Expertise
Direction emerges from navigating ambiguity.
Some of my favourite projects started with a simple question: What should we do next?
Not because the team lacked talent or ideas, but because they were standing at a crossroads. A startup preparing for growth. A product struggling to find its place in the market. A company trying to decide which opportunities are worth pursuing and which are distractions.
I enjoy working in these moments of uncertainty. Through workshops, conversations with users, and collaborative exploration, I help teams build a clearer picture of where they are, where they want to go, and what stands in the way. Projects like GoodAccess, Bewit, and Cadet ERP all started there — with questions before solutions.
Products need personality before they can resonate with people.
I've spent most of my career somewhere between product design and communication.
The products I work on are often technically complex. Cybersecurity platforms, manufacturing software, biotech tools. The challenge is rarely the technology itself. The challenge is helping people understand why it matters and why they should trust it.
My background in graphic design, typography, and agency work taught me that strong brands aren't built from visual trends.

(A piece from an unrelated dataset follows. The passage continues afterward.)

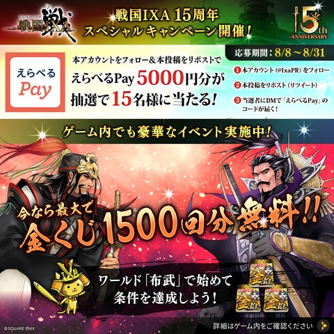 • 『戦国IXA』15周年記念で、最大1,500連分の「金くじ」が無料。
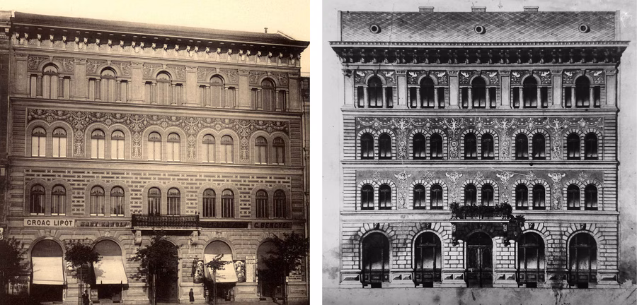 Lechner Ödön és Kecskemét kapcsolata már jóval a nevezetes városháza építése előtt kialakult. Az ügyes városatyák 1874-ben döntöttek úgy, hogy a régóta a város birtokában álló pesti belvárosi telekre bérházat építenek, aminek bevételei szépen gyarapíthatják majd az alföldi város kasszáját. A munkával a fiatal, tehetséges építészt, Lechner Ödönt bízták meg, aki első ránézésre teljesen hagyományos, ugyanakkor rendkívül ízléses, igényes épületet alkotott. A sarokrizalit fülkéibe a korszellemnek megfelelően mitológiai alakokat tervezett. Ám ekkor az erős nemzettudatú városatyák közbeléptek, és

They grow from a clear understanding of the product and the people it's meant to serve. That's the thread connecting projects like GoodAccess, Cadet ERP, and Znesnáze — translating complexity into something people can immediately grasp.

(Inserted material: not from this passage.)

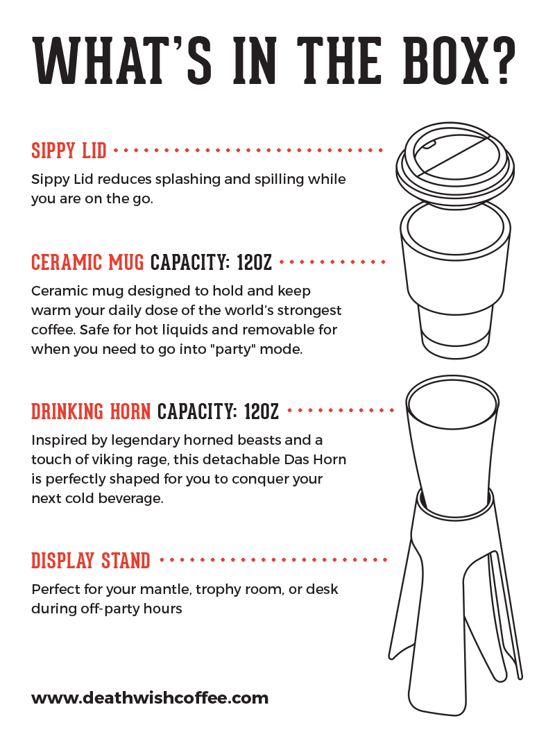 The Das Horn is here for all of your Viking-style coffee drinking needs. Use the ceramic top for hot coffee, and the horn attachment for cold beverages. The set also comes with a strap that goes around the horn so you can wear it with pride. Behold the power of the Das Horn!

Design helps people discover what matters.
Design became much more interesting to me when I stopped thinking about screens and started thinking about decisions.
Every product is full of them. What should be visible? What can stay hidden? Which action deserves attention? What information helps someone move forward with confidence?
Over the years I've designed websites, mobile apps, desktop software, and complex digital products ranging from cybersecurity platforms and manufacturing ERPs to crowdfunding services and e-commerce ecosystems. Different industries, different users, different constraints — but the same goal: creating experiences that feel clear, useful, and easy to navigate. That's the thinking behind projects like GoodAccess, Cadet ERP, and Znesnáze.